(Stored items from a collection)
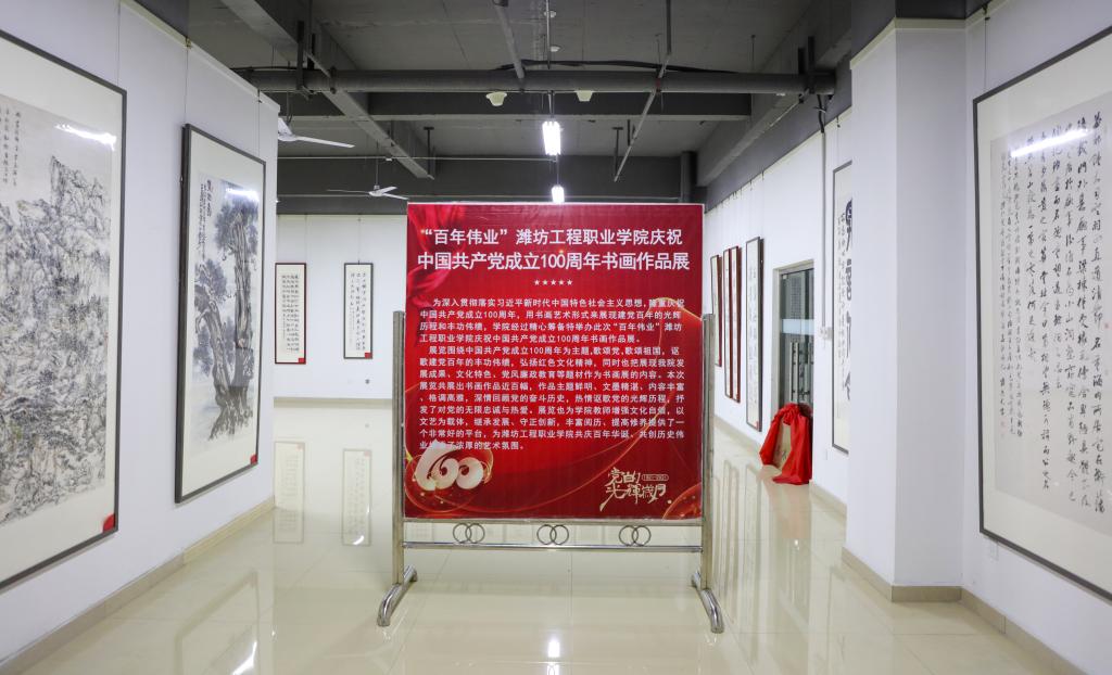 6月29日,潍坊工程职业学院庆祝建党100周年书画展在凤凰艺术学院开展。副院长王金明、党委委员赵立增参观了书画作品展,凤凰艺术学院院长陪同活动。
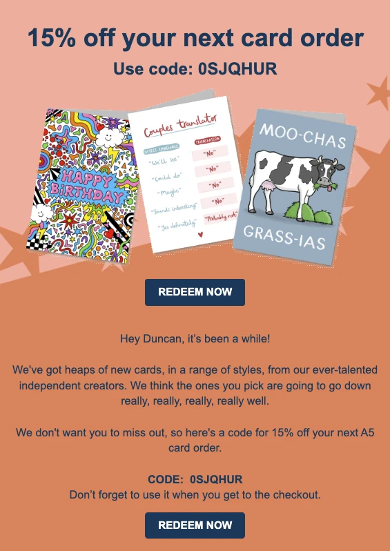 Sprzedawca kart online MoonPig stosuje tę pierwszą strategię w swojej kampanii ponownego zaangażowania. Wiadomość e-mail ma temat „15% zniżki, ponieważ za Tobą tęsknimy”, a jej treść zawiera wzmiankę o nowych kartach i kod rabatowy.
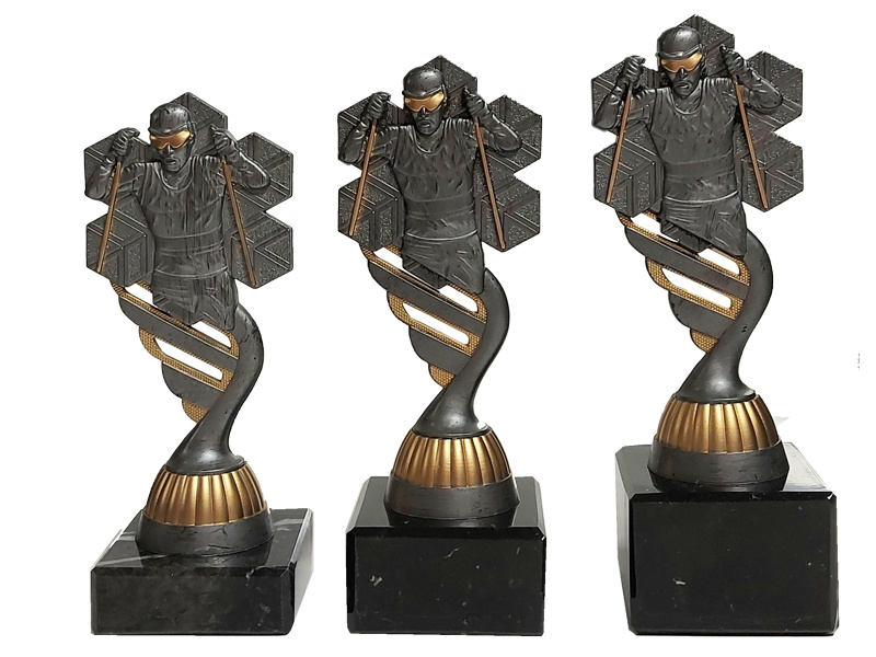 Sportstandaard op zwart marmer inclusief tekstplaatje.
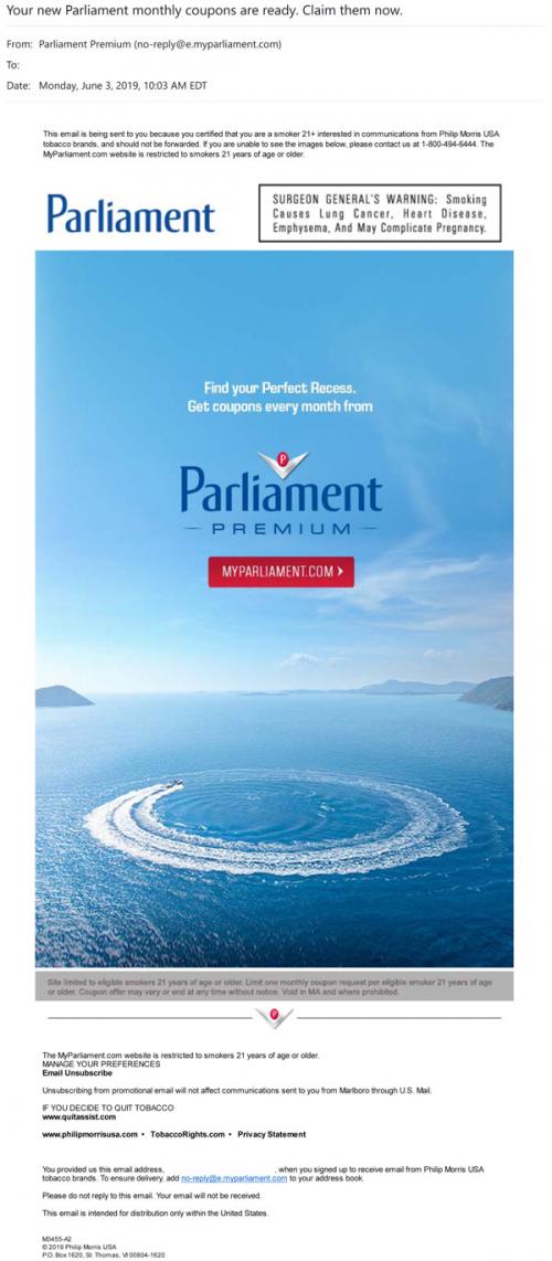 Email from Parliament in June 2019 promoting the Parliament Premium monthly coupon program, with a link to the brand website to sign up.
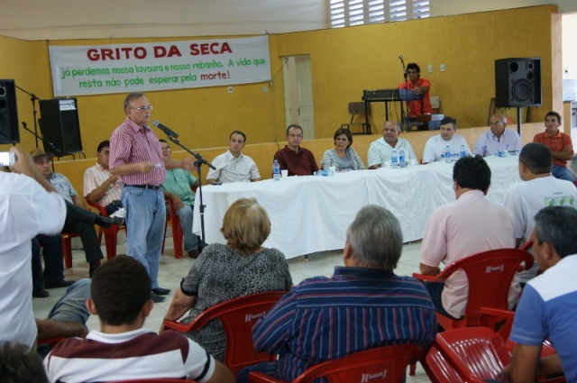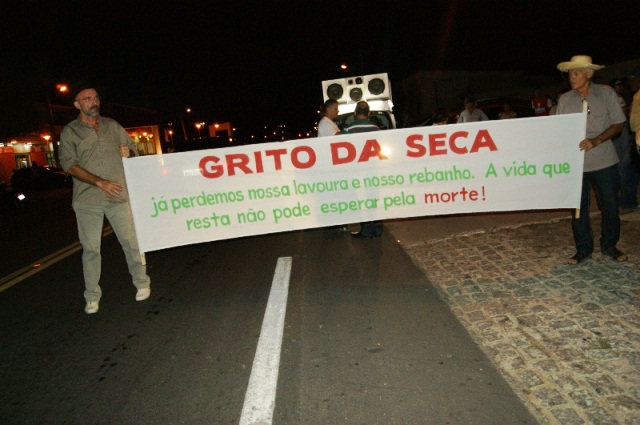 Discutir ações emergenciais para o combate a maior estiagem dos últimos 50 anos fez com que um grupo de agricultores e alguns prefeitos do Seridó se reunissem nesta sexta-feira, 12, em Acari, para o “Grito da Seca”, encontro organizado pela médica veterinária Joana D’Arc Pires, que recentemente furou um bloqueio de seguranças para entregar à presidenta Dilma Rousseff, uma carta de reivindicações do povo potiguar. A reunião contou com a participação de diversos presidentes de associações rurais do Estado, como o presidente da Associação Seridoense de Criadores, Nivaldo Saldanha, e de alguns prefeitos da região, Vilton Cunha (Currais Novos), Isaias Cabral (Acari), Titico Araújo(Tenente Laurentino), e do vice-prefeito de São Vicente, Andreazza Fernandes. “Os problemas que a estiagem causa na nossa região é antigo, e até hoje nenhuma ação concreta foi realizada, não podemos mais esperar obras paliativas, o Nordeste tem sede”, disse o prefeito Vilton Cunha. O “Grito” também foi uma forma de protestar contra a política de juros dos brancos, que cobram taxas exorbitantes aos pequenos produtores rurais. No final da reunião, os participantes seguiram até a Igreja do Rosário, centro de Acari, onde deram continuidade ao protesto.

* _ABOUT THIS TASK_
What's needed is an exact copy of the records above from the line containing "Sportstandaard op zwart" down to the line containing "Email from Parliament", both included, without any pictures.

* _ANSWER BOX_
 Sportstandaard op zwart marmer inclusief tekstplaatje.
 Email from Parliament in June 2019 promoting the Parliament Premium monthly coupon program, with a link to the brand website to sign up.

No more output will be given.